Younghusband Peninsula—a narrow strip of land (on average only 2km wide) featuring rugged dunes and unique coastal vegetation. This ninety mile stretch of land remains largely untouched due to its isolation from main transport routes. Flowing dunes highlight this landscape created by forces of wind and the stabilizing character of Marrum grass. The Coorong area, of which Younghusband Peninsula is a part, was declared a national park in 1966. This area is renowned for its flora and fauna, in particular the 240 species of birds that inhabit the area. Camping is permitted in designated areas only. The sandy Ninety Mile Beach on the peninsula offers a great opportunity for shell fossicking, surf fishing or just to get away from it all and relax.

youngie—a child; young person.

Yourambulla Caves Historic Reserve—the name Yourambulla is derived from the Adnyamathanha phrase yura pilla, meaning two men, and is related to the two peaks (to the east of the painting sites). In Adnyamathanha legend two men of different kinship, arraru and mathari, camped where the two peaks now stand, to eat part of a man they were carrying. A number of paintings and etchings occur in this area, housed in rock shelters or caves accessible by marked walking trails. Once inside the caves there are Aboriginal rock paintings on the walls. Located 11km south of Hawker, South Australia.

Yowah—the township, built on the Yowah opal mining field, is 150km north-west of Cunnamulla. The first lease was registered in 1883 and opal has been mined on the field since that time. The field is renowned for its yowah nuts—small, hollow, ironstone concretions, a small percentage of which contain a kernel of crystal opal. The field also has magnificent matrix which is a unique type of opal, usually formed within the outer shell of the yowah nuts, and when cut makes an elegant gem. The town has a resident population of about 60, which increases to nearer 250 during the winter months. It is only in recent years that the town has acquired some of the everyday services we take for granted—like electricity, reticulated water from the artesian bore, telephone and television (via satellite). There is a designated area for recreational fossicking (licence required) with hand tools only. Located in Queensland.

yowie—the Australian version of the Yeti, a mythical, large, ape-like man.

yu—a shelter, a wind-break.

Yuendumu—an Aboriginal community in the Northern Territory and the traditional home of the Warlpiri people. Yuendumu artists are internationally recognised for their traditional dot paintings.
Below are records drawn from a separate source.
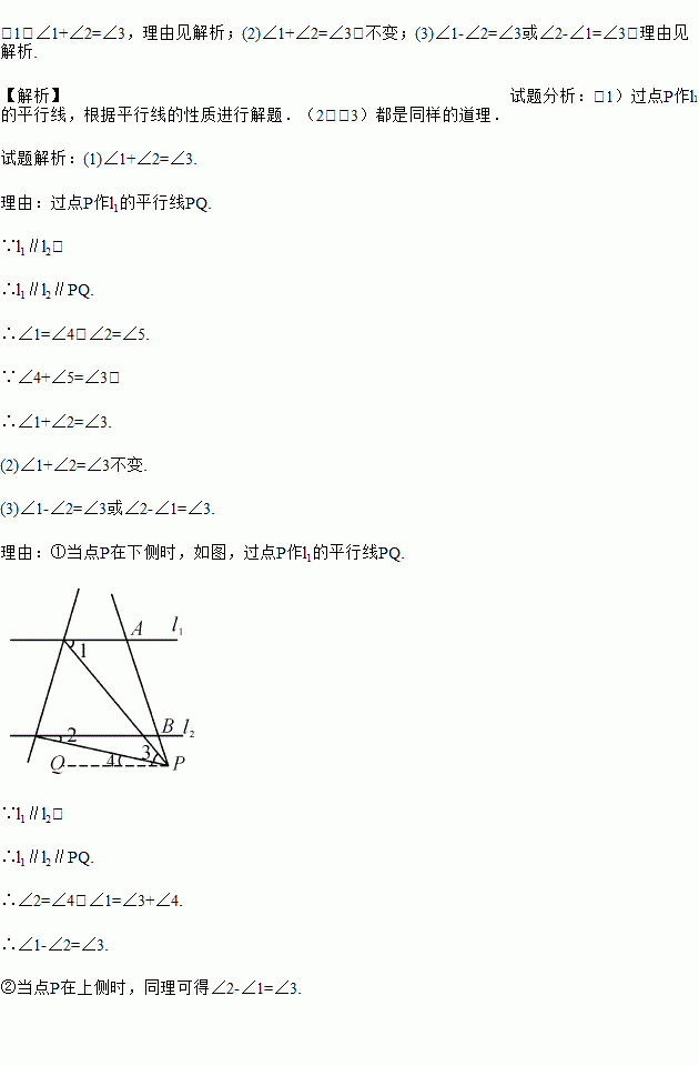 如图,已知直线l1∥l2,且l3和l1,l2分别交于A,B两点,点P在AB上.
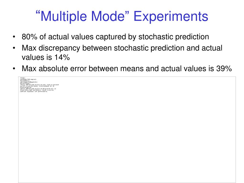 “Multiple Mode” Experiments • 80% of actual values captured by stochastic prediction • Max discrepancy between stochastic prediction and actual values is 14% • Max absolute error between means and actual values is 39%
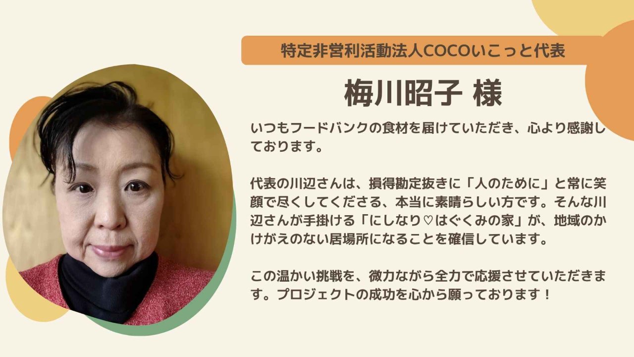 2026-03-26 15:42応援メッセージのご紹介18:梅川昭子様(特定非営利活動法人COCOいこっと代表)特定非営利活動法人COCOいこっとの代表である梅川昭子様からいただいた応援メッセージをご紹介します!2026-03-26 15:42応援メッセージのご紹介18:梅川昭子様(特定非営利活動法人COCOいこっと代表)特定非営利活動法人COCOいこっとの代表である梅川昭子様からいただいた応援メッセージをご紹介します!

They use brightly coloured acrylic paints, which distinguishes them from the other dot paintings communities of the desert. They paint Dreamtime stories, called Jurrpa. The community of Yuendumu is located 300km west of Alice Springs, in the Central Desert region.

Yuin—the indigenous occupants of the Pambula area. Their tradtional lands extended from Twofold Bay northward to the town of Eden, across the Great Dividing Range towards the Monaro, and southward to Mallacoota in north-eastern Victoria. The first Europeans to see their land were in the party of George Bass, who sheltered from a gale in the Pambula River on December 18, 1797.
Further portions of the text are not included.